Extracted records:
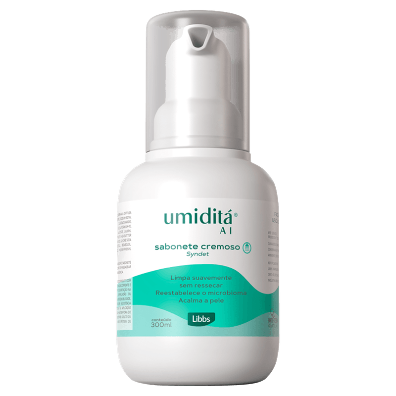 O Sabonete Líquido Cremoso Umiditá AI é um sabonete Syndet desenvolvido com tecnologia que limpa sem agredir a pele, proporcionando uma sensação de conforto e diminuindo o ressecamento após o banho. Ideal para uso adulto e infantil, pode ser aplicado tanto no rosto quanto no corpo. Sua fórmula mantém o pH fisiológico da pele e ajuda a restabelecer a barreira cutânea, equilibrando o microbioma cutâneo. Com uma cosmética em espuma cremosa à base de manteiga, o produto promove uma limpeza suave e eficaz. É hipoalergênico, oftalmologicamente testado e livre de fragrância, tornando-se uma excelente opção para peles sensíveis. Para usar, agite antes de aplicar sobre a pele úmida, massageie suavemente e enxágue em abundância. Os principais ativos incluem Symcalmin, Niacinamida, Bioecolia, Lipex Shea, Fosfolípides, Alfa Bisabolol, Mediacalm e Glicerina, que juntos oferecem benefícios adicionais para a pele. O Sabonete Líquido Cremoso Umiditá AI é ideal para a limpeza suave da pele sensível, acalmando a pele e restabelecendo o microbioma. Sua fórmula cremosa é hipoalergênica e livre de fragrância, tornando-o perfeito para quem busca um cuidado delicado e eficaz. O produto é recomendado para todos que desejam manter a pele limpa e hidratada, especialmente aqueles com pele sensível. Para uso, aplique uma quantidade adequada do sabonete nas mãos ou em uma esponja, massageie suavemente sobre a pele e enxágue bem. Evite contato com os olhos e mantenha fora do alcance de crianças. O Sabonete Umiditá AI é uma excelente opção para quem busca um produto que une eficácia e cuidado.
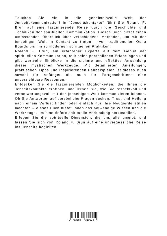 Tauchen Sie ein in die geheimnisvolle Welt der Jenseitskommunikation! In "Jenseitskontakte" führt Sie Roland F. Brun auf eine faszinierende Reise durch die Geschichte und Techniken der spirituellen Kommunikation. Dieses Buch bietet einen umfassenden Überblick ...
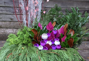 Tell me the size of your planters and the colour scheme you would like. Any other criteria? For instance, this is a 36" round planter with a variety of greens and colourful natural accents arranged symmetrically.
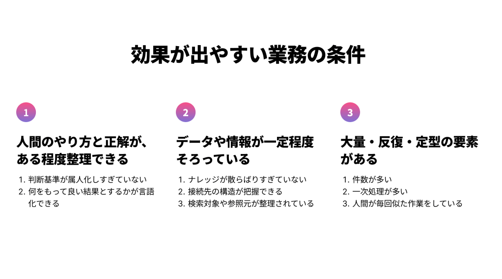 - 効果が出やすい業務には共通点がある
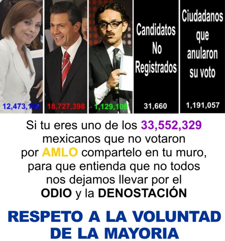 Sin embargo, así como ellos inundaron las redes sociales previo a las elecciones, ahora salen los que no están de acuerdo con el actuar del candidato de las izquierdas y sus simpatizantes, por lo que, haciendo uso de las redes sociales se han dado a la tarea de subir infinidad de imágenes solicitando al «peje» y a sus simpatizantes respeten la voluntad popular.
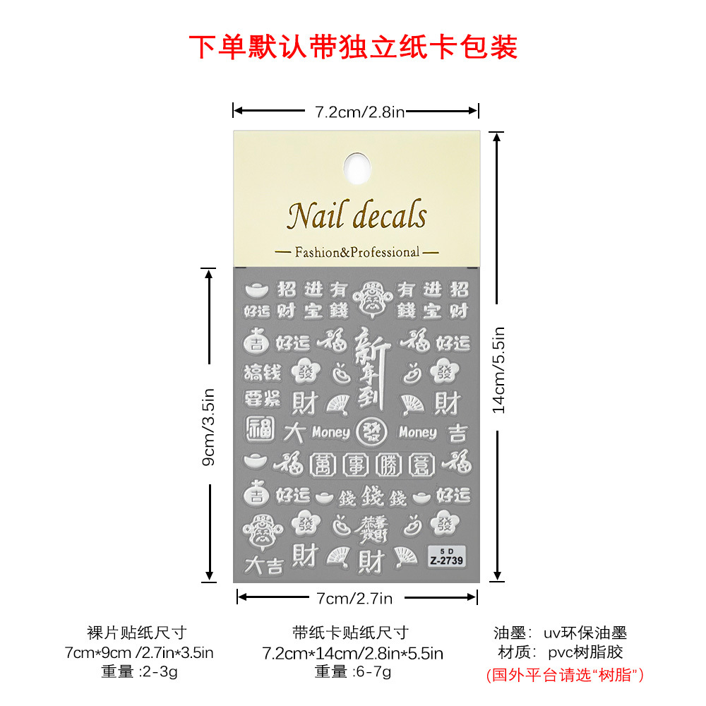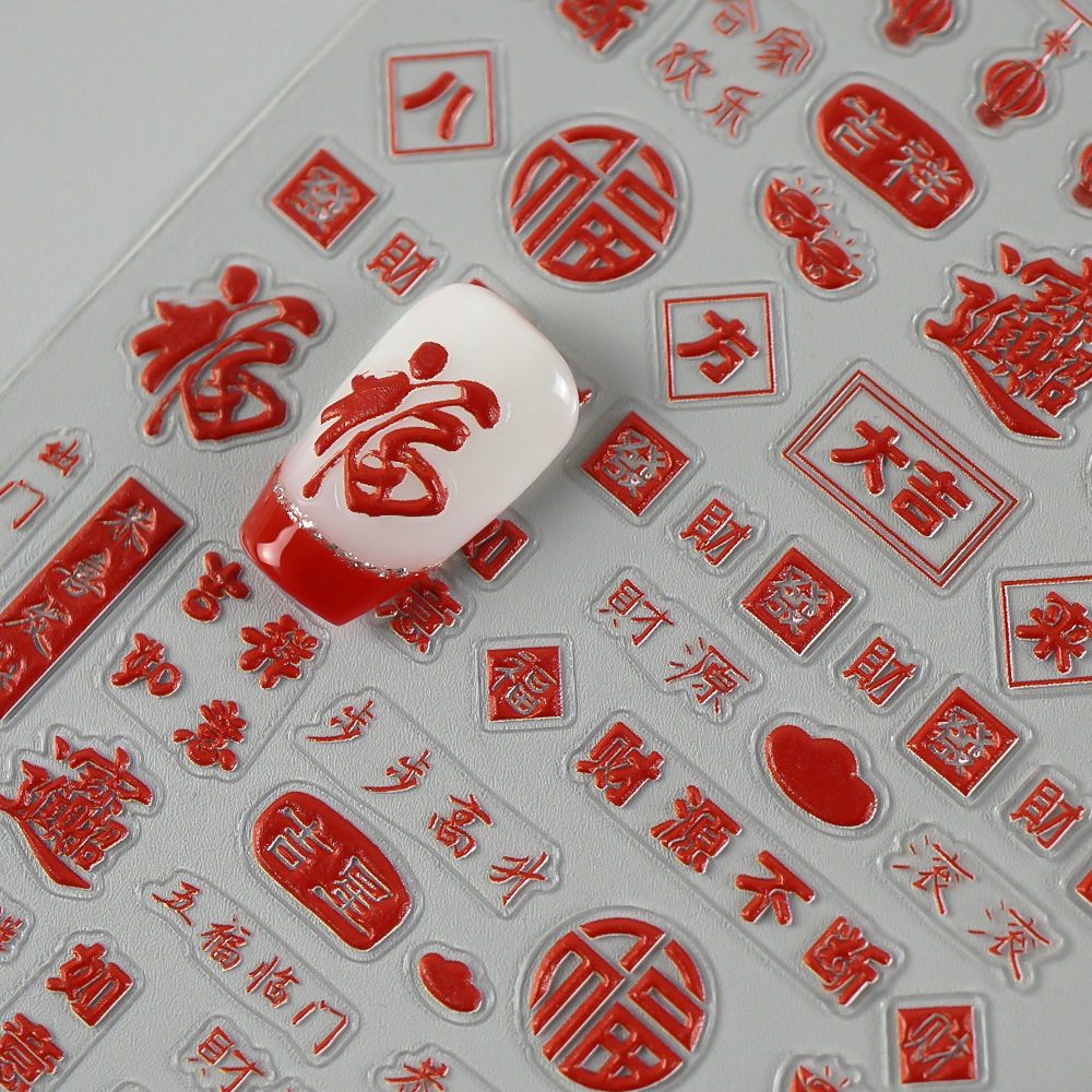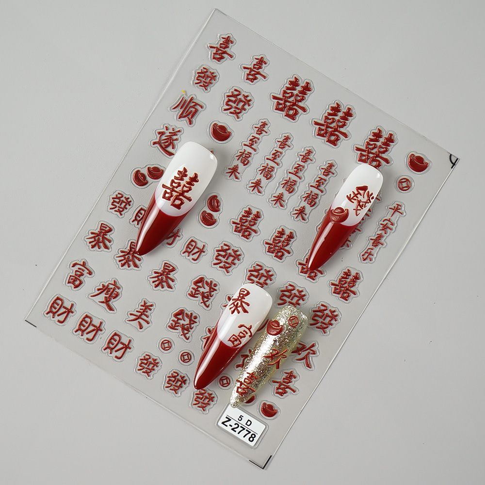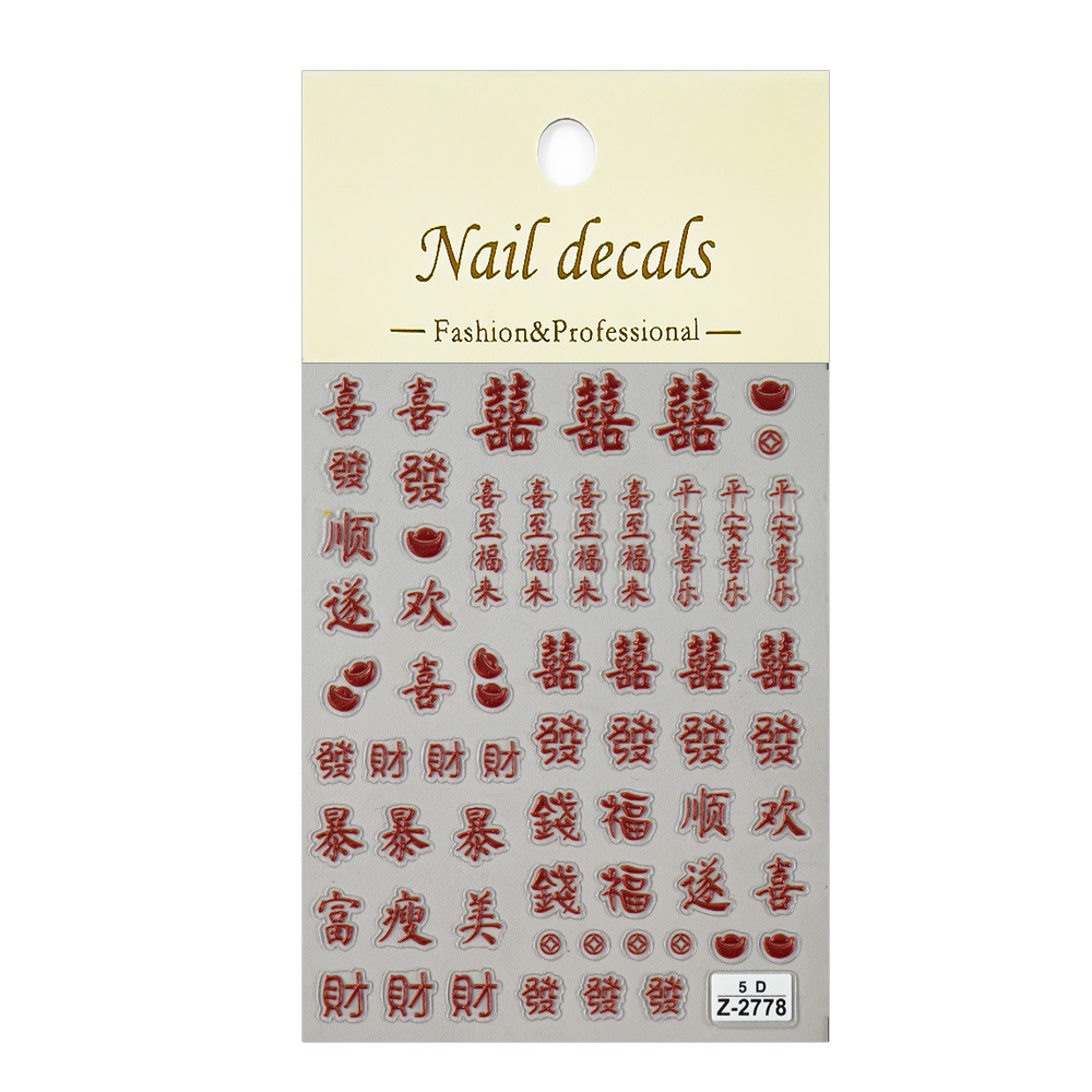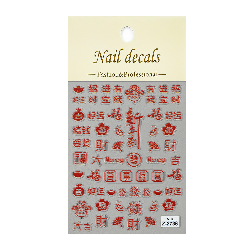 Redanco 새로운 5D Anaglyph Ins 스타일 봄 축제 포춘 매니큐어 스티커 스테레오 네일 스티커 Z-2737스토어 가기
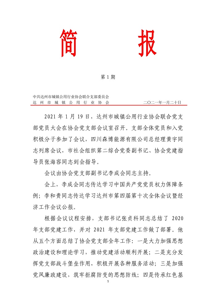 達州市城鎮(zhèn)公用行業(yè)協(xié)會2021年第一期簡報

Problem:
In the copy, leave out all pictures, and retype exactly each line from the one with "Tauchen Sie ein" through the last line of the entries.

Your solution:
 Tauchen Sie ein in die geheimnisvolle Welt der Jenseitskommunikation! In "Jenseitskontakte" führt Sie Roland F. Brun auf eine faszinierende Reise durch die Geschichte und Techniken der spirituellen Kommunikation. Dieses Buch bietet einen umfassenden Überblick ...
 Tell me the size of your planters and the colour scheme you would like. Any other criteria? For instance, this is a 36" round planter with a variety of greens and colourful natural accents arranged symmetrically.
 - 効果が出やすい業務には共通点がある
 Sin embargo, así como ellos inundaron las redes sociales previo a las elecciones, ahora salen los que no están de acuerdo con el actuar del candidato de las izquierdas y sus simpatizantes, por lo que, haciendo uso de las redes sociales se han dado a la tarea de subir infinidad de imágenes solicitando al «peje» y a sus simpatizantes respeten la voluntad popular.
 Redanco 새로운 5D Anaglyph Ins 스타일 봄 축제 포춘 매니큐어 스티커 스테레오 네일 스티커 Z-2737스토어 가기
 達州市城鎮(zhèn)公用行業(yè)協(xié)會2021年第一期簡報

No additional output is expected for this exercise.